What: A Federal Reserve biennial report documenting 2023 debit card transaction data shows banks earning nearly six times their processing costs ($0.24 revenue on $0.041 costs) while merchants absorbed 49.9 percent of fraud losses, up from 38.3 percent in 2011, as financial institutions repeatedly request delays to proposed interchange fee regulation updates.
When: The report was published in December 2025, covering 2023 transaction data.

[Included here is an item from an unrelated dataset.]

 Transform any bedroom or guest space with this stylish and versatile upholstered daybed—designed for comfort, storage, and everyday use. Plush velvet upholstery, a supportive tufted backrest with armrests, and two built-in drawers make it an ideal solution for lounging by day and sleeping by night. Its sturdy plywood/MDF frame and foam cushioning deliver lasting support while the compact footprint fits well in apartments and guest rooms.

The regulatory dispute spans from November 2023 when the Federal Reserve proposed updates through December 2025 when merchant coalitions responded to the sixth industry delay request.

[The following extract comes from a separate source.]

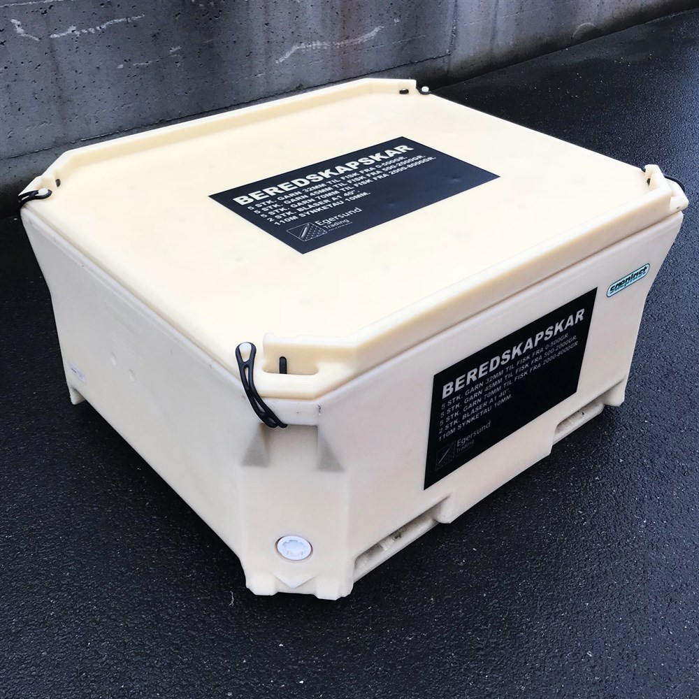 460 liter kar, fem sammenknytte garn i tre forskjellige størrelser,

Where: The data covers United States payment card networks processing 100.7 billion transactions valued at $4.7 trillion, with covered issuers ranging from the largest debit card issuers to smaller programs with consolidated assets exceeding $10 billion.
Why: The Dodd-Frank Wall Street Reform Act's Durbin Amendment requires the Federal Reserve to regulate debit card interchange fees to ensure they are "reasonable and proportional" to issuer costs, and to publish biennial data on costs and fees. Merchant coalitions seek updated regulations reflecting declined processing costs since 2009, while financial institutions advocate for delay, maintaining current fee structures that generate substantial profit margins despite falling costs and shifting fraud liability.